Each party shall submit a proposal setting forth its resolution of the issue(s) submitted to arbitration within ten days after notice of selection of the arbitrator. The decision of the arbitrator, where appropriate, shall take into account the operation of the Club Facilities in comparison to the operation of other similar clubs in Collier County, Florida. The arbitrator shall investigate the facts and shall hold hearings at which the parties may present evidence and arguments, be represented by counsel and conduct cross examination. The arbitrator shall render a written decision upon the matter presented within 30 days after the date upon which the last party submitted its proposal to the arbitrator, and such decision shall be final and conclusive upon all parties. Judgment upon the award rendered in such arbitration may be entered by any court having jurisdiction thereof, and the judgment shall be entered unless the award is vacated, modified or corrected as provided by law.

The parties shall advance on an equal basis any necessary costs of the arbitration, such as reporter's fees and arbitrator's fees, except for cases brought by a Member under Federal law where such fee shifting is not contemplated by the applicable Federal law. The prevailing party shall be entitled to recover as part of the award all such advanced costs and reasonable attorneys' fees and related costs, fees or expenses of the arbitration, except for Federal law actions where prevailing party attorney’s fees are not provided for against the Member. In the event of any dispute over any such fees and costs, each party may apply to the arbitrator within 30 days of the decision on the merits for a determination of an award of fees, costs and expenses. The arbitrator shall enter an award on such application within 30 days from its receipt, without a hearing, but with consideration of any factual materials or brief submitted by the parties, and such award shall be paid within 30 days from the date of such award. Any time period set by this paragraph may be shortened or extended by the mutual agreement of the parties to the arbitration.

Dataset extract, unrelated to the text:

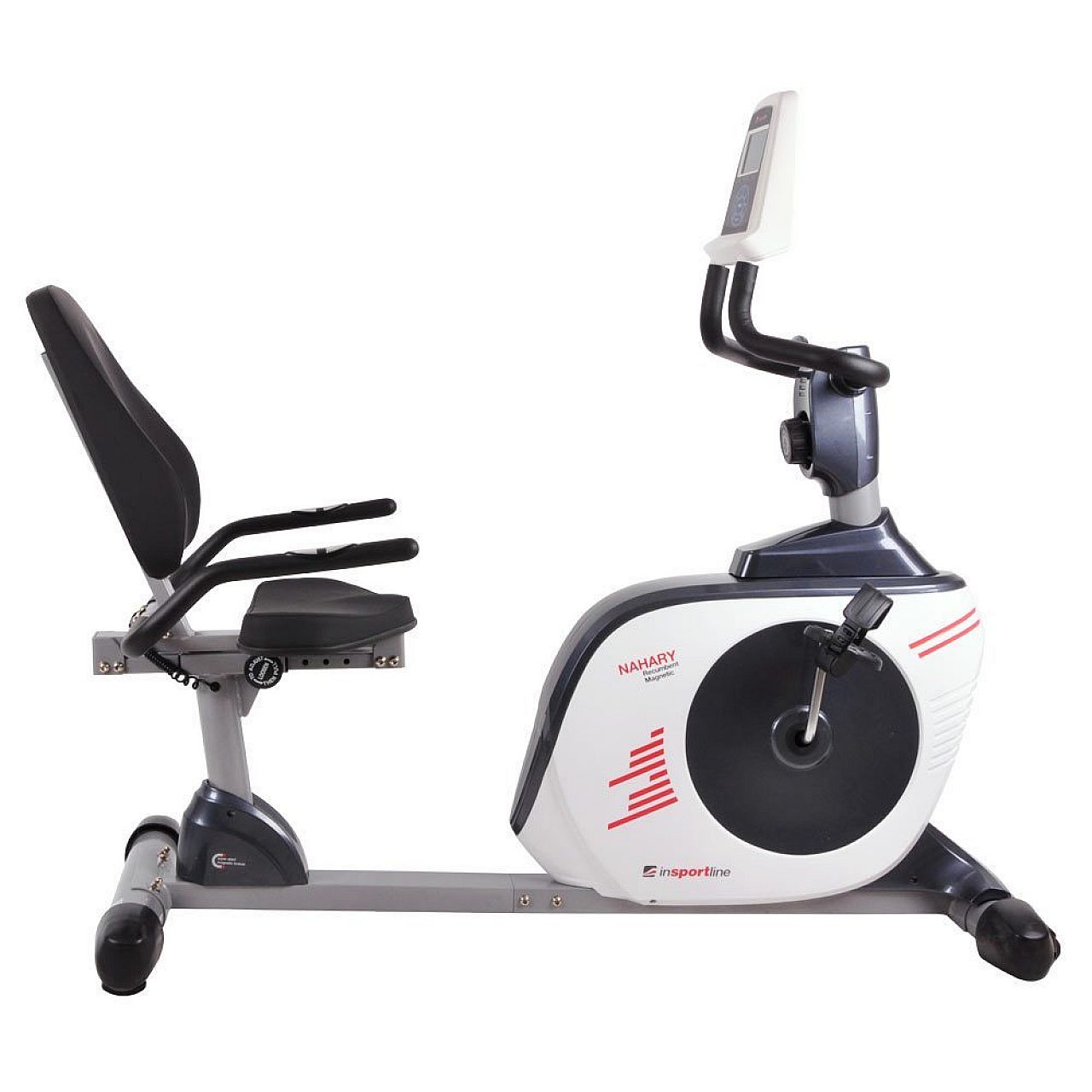 Ефективність вправ забезпечує 7 кг маховика з магнітною системою гальмування, яка має 8 ступенів навантаження . InSPORTline Nahary має вбудовані датчики для вимірювання різних параметрів тренування. Комп'ютер з великим та чітким РК-дисплеєм відображає всі необхідні відомості, такі як час, швидкість, відстань, калорії та пульс. Дисплей може регулюватися по вертикалі, щоб отримати найкращий кут огляду. Завдяки цим властивостям горизонтальний велотренажер inSPORTline Nahary є найпопулярнішим пристроєм для домашнього використання.

If any court or arbitrator shall find any provision of this Article to be in violation of or in contradiction to the applicable law, the parties agree such provision or provisions shall be deemed to conform to the applicable law. Should any Member bring suit against the Club or others in contravention of this arbitration mandate, all costs and expenses incurred by the Club or others in the defense of such suit, including court costs, attorneys' fees and other costs including paraprofessional fees and travel costs through all trial and appellate proceedings, shall be recoverable as part of the arbitration award.

Judgment upon the award rendered in such arbitration shall be entered by any court having jurisdiction thereof, and the judgment shall be entered unless the award is vacated, modified or corrected as provided by law.